*Activity*
Write out the opening lines of the data word for word, up to and including the line with "Rivera gown from", and leave every picture and every later line out.

(Collected data)
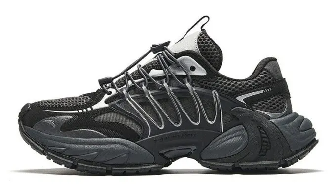 А вот и грандиозный финал – черно-серые Retro Peacock. Это массивные кроссовки, которые радуют необычным силуэтом и уникальным дизайном. Тут вам и шнуровка с фиксаторами, и дышащий сетчатый верх, и амортизирующая ЭВА-межподошва с технологией A-Flashledge. Еще одна приятная особенность – ТПУ-каркас, гарантирующий мягкость и стабильность. Комфорт во время ходьбы обеспечен.
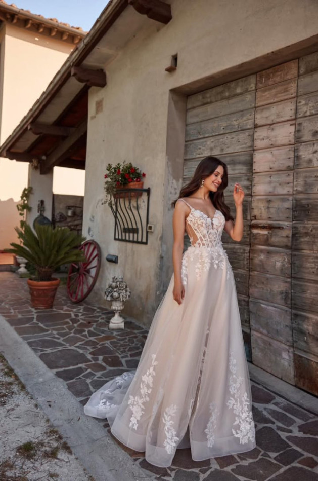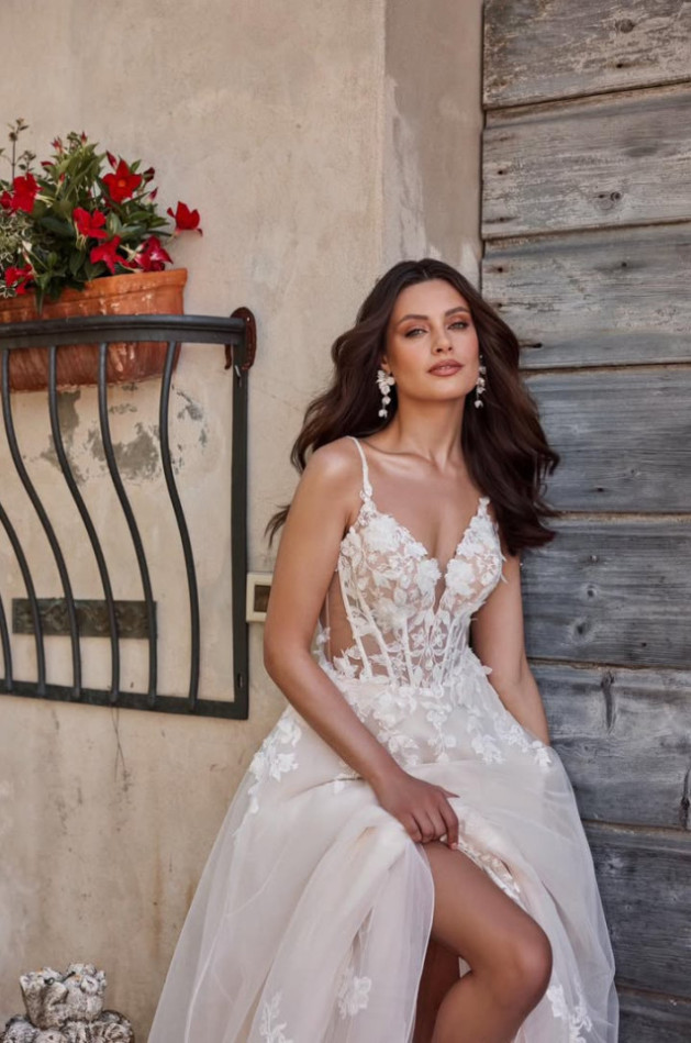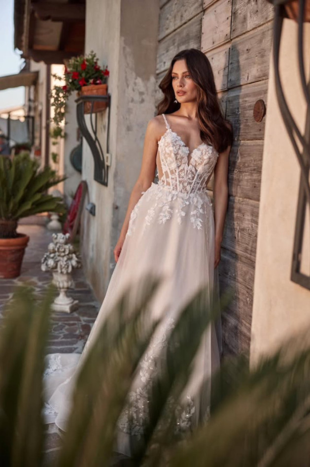 Rivera gown from Mari Lill collection available at the salon .
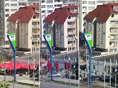 بنابرین اجازه دهید مستقیماً به کیفیت عکسها بپردازیم به این نکته توجه کنید که آب و هوا برای دو مدعی یکسان نبود (اما وضعیت نور بهاندازه کافی مشابه بود تا عکسها قابل مقایسه شوند.) ما Galaxy S II را نیز در آزمایش برای اندازهگیری بهتر اضافه کردیم همانطور که در عکسها مشاهده میکنید در یک نور خوب Galaxy S III عکسهایی با جزئیات بیشتری نسبت به نسل قبل خود و HTC One X تهیه میکند. الگوریتم پرچمدار جدید سامسونگ بسیار کاملتر است این گوشی عکسهایی با رنگهای مصنوعی کمتر و جزئیات بیشتر تهیه میکند در حالی که نویز را نیز تحت کنترل دارد. از طرف دیگر One X عکسهایی به اندازه کافی خشنتر با شدت رنگ بیشتر تهیه میکند و به همان نسبت در حذف نویزها زیاد موفق نیست.
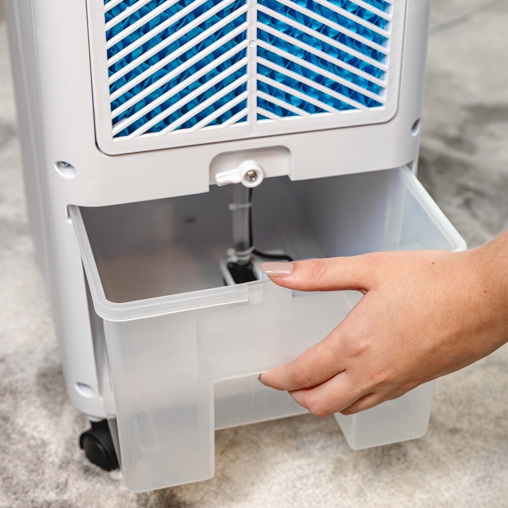 - A pega para transporte e as rodas facilitam o deslocamento do climatizador entre os cômodos.
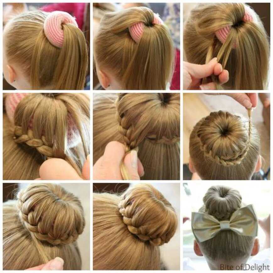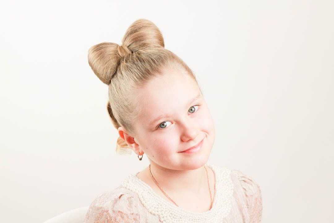 Второй вариант пучка потребует чуть больше времени и навыков для исполнения, зато полученный результат порадует и маму и дочь. Такой пучок подойдет и для маленьких девочек, и для подростков, ведь получившаяся прическа придает облику нежность и изящество.
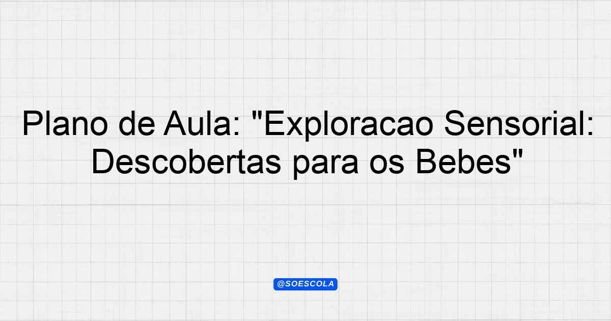 Continue lendoA proposta deste plano de aula é proporcionar uma experiência rica e envolvente em atividades sensoriais para *bebês de 4
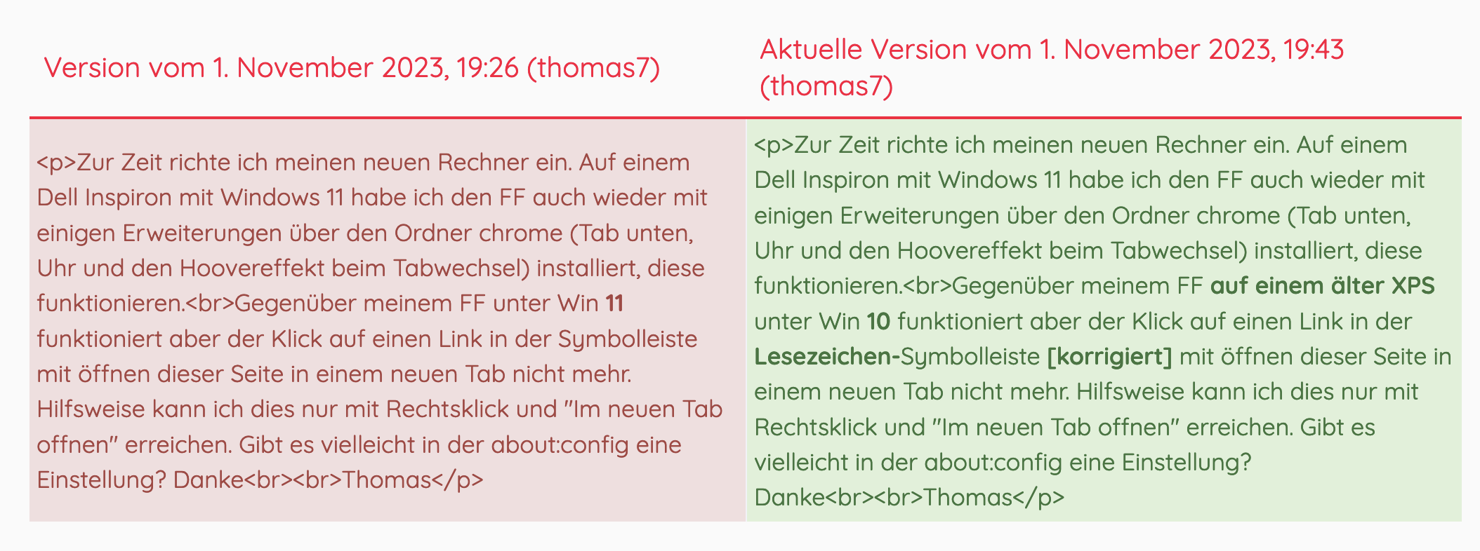 • Gegenüber meinem FF auf einem älter XPS unter Win 10 funktioniert aber der Klick auf einen Link in der Lesezeichen-Symbolleiste [korrigiert] mit öffnen dieser Seite in einem neuen Tab nicht mehr.
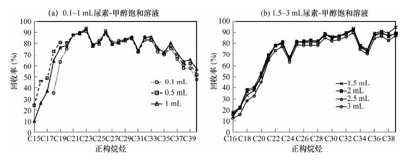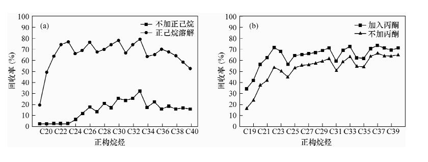 n-alkanes ranged from 79% to 104%, higer than the recoveries by the urea adduction method and 5Å molecular sieves. The precision of single carbon isotope ranged from 0.09‰ to 0.63‰ (1
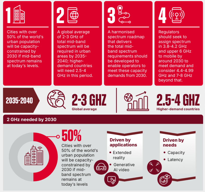 Telecom operators should develop a long-term spectrum roadmap informed by these findings, prioritizing 2-3 GHz globally, with targets up to 4 GHz in high-demand markets. Key actions include:
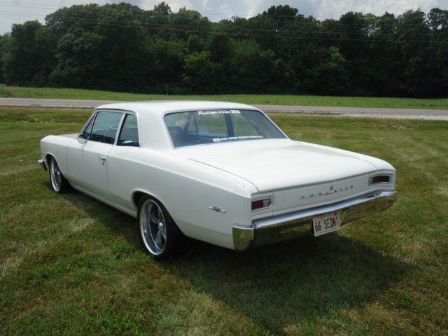 1966 CHEVELLE 300 DELUXE 2 DOOR SEDAN. 408CI SMALL BLOCK FLAT TOP PISTONS COMP XE284H CAM COMP PUSH RODS DART HEADS SCREW IN STUDS GUIDE PLATES CRANE GOLD RACE ROLLOR ROCKERS 650 HOLLY PERTRONIX HEI IGNITION PUMP GAS MOTO, AS MARCH SERPINTINE PULLIES AND BRACKETS, ROW ALUMINIUM RADIATOR, LECTRIC FAN. HEADERS AND 2.5" EXHAUST FLOWMASTER, THE CAR IS RAN WITH AMERICAN AUTO WIRE CLASSIC UPDATE HARNESS FROM HEADLIGHT TO TAILLIGHT. TRANSMISSION IS A BUILT 700R4 4 SPEED AUTOMATIC WITH A 2200 STALL 200RPM AT 65MP, SHIFT KIT REAREND IS A 1966 CHEVELLE 12 BOLT 411 POSI TRAC SUSPENSION CONSIST OF ALL TUBULAR UPPER AND LOWER CONTROL ARMS SPOON RACING SWAY BARS AND SSBC 4 WHEEL DRILLED AND SLOTTED DISC BRAKES. THE ACTUAL CAR ITSSELF WE HAVE HAD SINCE 1990 AND PURCHASED AS A ORIGINAL 6CY POWERGLIDE IT IS A 80XXX MILE CAR AND HAS ALL THE ORIGINAL SHEETMETAL GLASS AND CHROME ...NO REPRODUCTION PARTS!!!! FACTORY ERMINE WHITE WITH FACTORY BLUE INTERIOR IT IS ONLY ON ITS 2ND PAINT SINCE NEW INTERIOR HAS BEEN RESTORED WITH TASTFUL MODIFICATION. HAS A NICE RETROSOUND STERO WITH BLUE TOOH AND USB HOOKUP ALL NEW SPEAKERS WITH A SUB AND AMP IN TRUNK THE TRUNK PAINT IS STILL ORIGINAL FROM 1966. WE BUILT THIS CAR TO DRIVE AND HANDLES LIKE A DREAM 2 DOOR 300 DELUXE CHEVELLES ARE VERY FAR AND FEW BETWEEN NOT A MUST SELL BUT A GREAT CAR FOR $35,000 CALL WITH ANY QUESTIONS 618-972-9205 ABSOLUTLY EVERYTHING WORKS ON THIS CAR
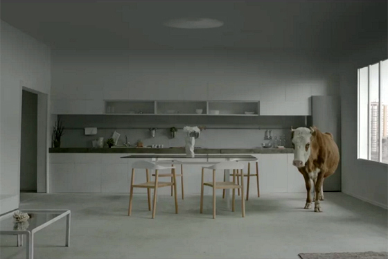 Синопсис: Идеальная семья — мама, папа, дочь, сын и дедушка — живет на 14-м этаже многоквартирного дома. Однажды утром у них на кухне появляется корова.
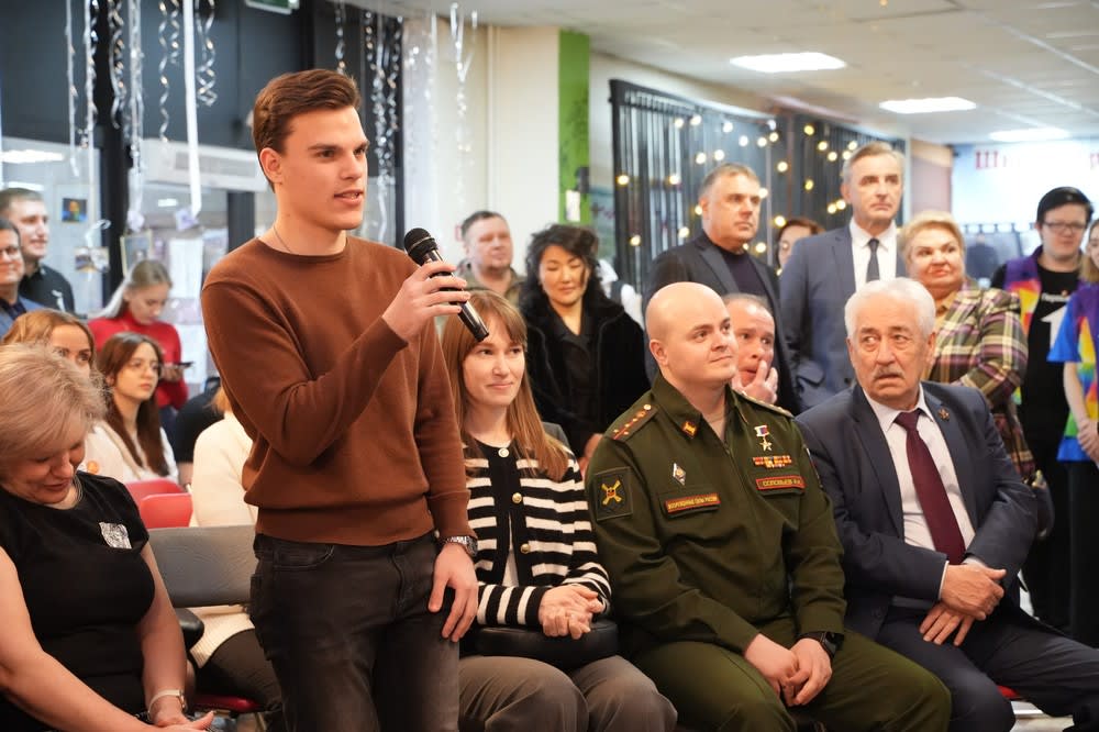 В завершение визита почетных гостей в Ангарском молодежном центре «Лифт» прошел телемост с военнослужащими из Ангарска, находящимися в зоне проведения специальной военной операции.
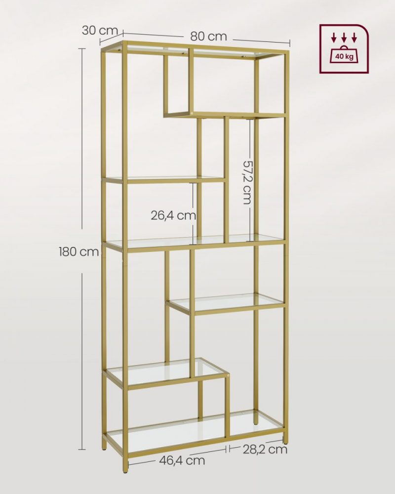 Fabricada con vidrio templado y acero, esta estantería no solo representa durabilidad, sino también robustez. Puede soportar una carga total de hasta 40 kg, asegurando una larga vida útil y acompañándote en los buenos momentos.
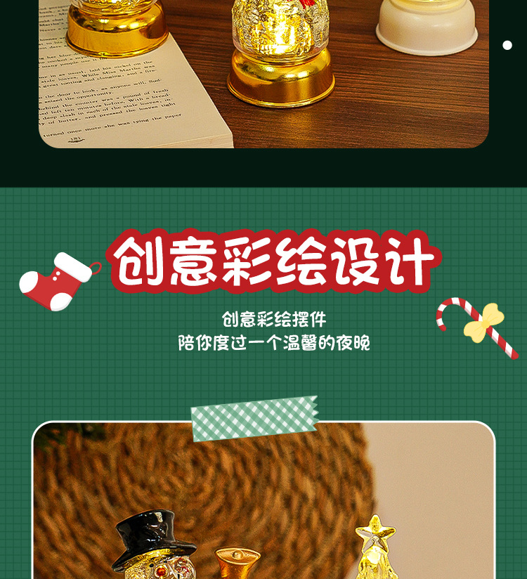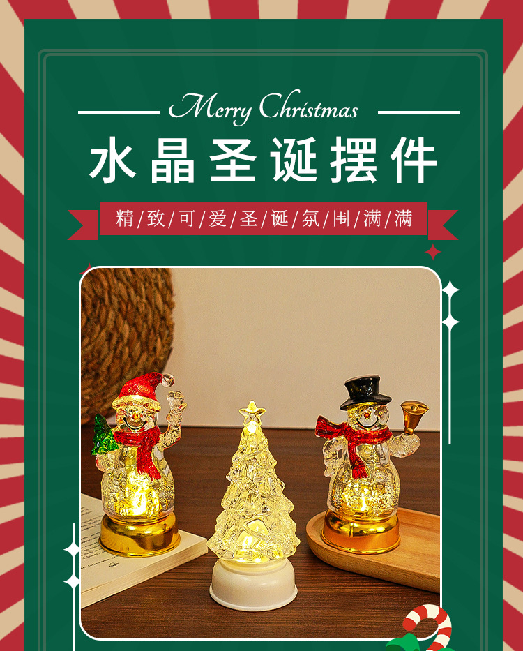 圣诞节装饰品场景布置摆件创意平安夜礼物发光小夜灯圣诞树水晶球
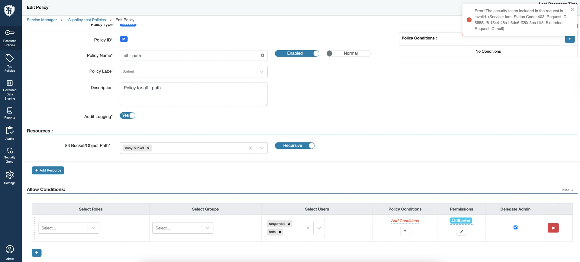 Ranger Policy Creation for Ceph Fails with “IAM Invalid Token” Error
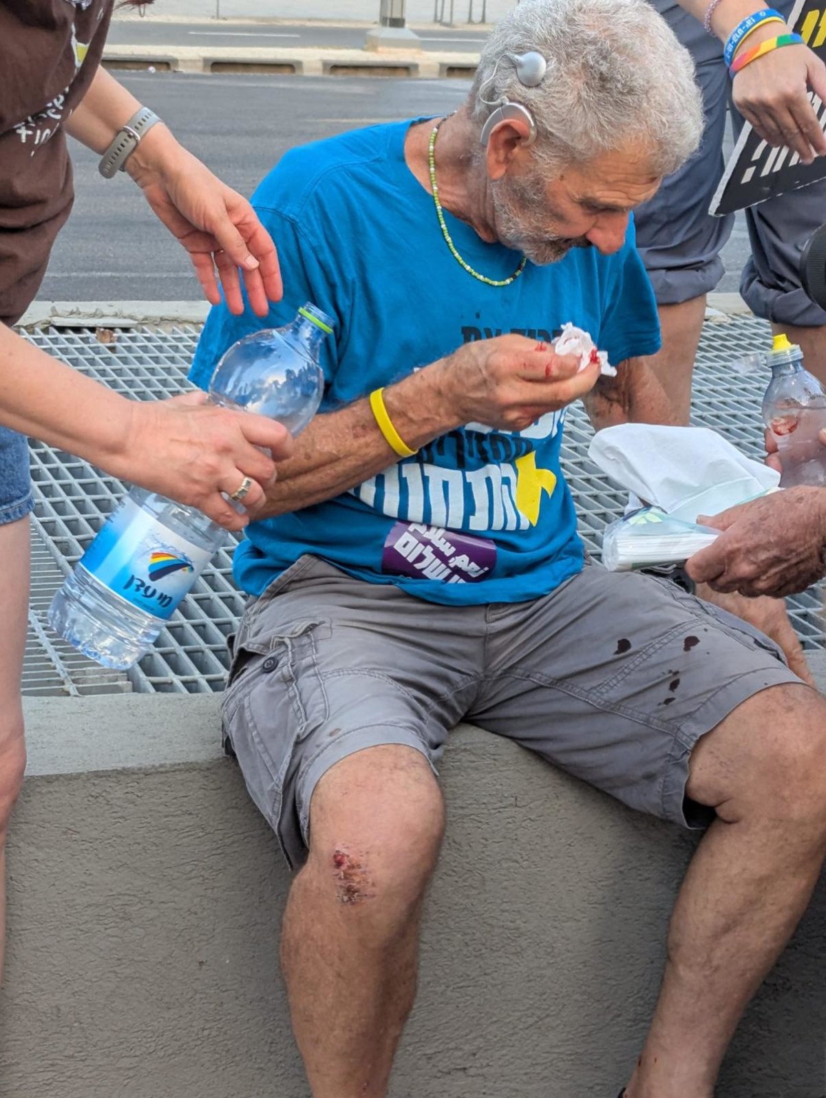 מפגין בשנות ה-70 לחייו הותקף היום (שני) אחר הצהריים במהלך ההפגנה היומית בדרך בגין בכניסה לקריה, זאת על ידי אופנוען שניסה לפרוץ את החסימה בזמן הקראת שמות החטופים.
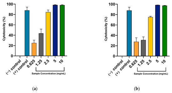 Concentration-dependent cytotoxicity of rosemary leaf extracts on DU-145 after a 24-h treatment period: (a) water extract (RL-W) and (b) ethanol extract (RL-E). The positive (+) control is 1 mg/mL 5-FU, while the negative (−) control includes only the media. These results are expressed as mean ± standard deviation. Sample concentration and solvent interaction were significantly different based on the two-way ANOVA analysis. Additionally, it was revealed that treatment with varying sample concentrations and solvent extracts causes significant sources of variation in the resulting cytotoxic effects of the plant extract.

*Exercise solution*
 А вот и грандиозный финал – черно-серые Retro Peacock. Это массивные кроссовки, которые радуют необычным силуэтом и уникальным дизайном. Тут вам и шнуровка с фиксаторами, и дышащий сетчатый верх, и амортизирующая ЭВА-межподошва с технологией A-Flashledge. Еще одна приятная особенность – ТПУ-каркас, гарантирующий мягкость и стабильность. Комфорт во время ходьбы обеспечен.
 Rivera gown from Mari Lill collection available at the salon .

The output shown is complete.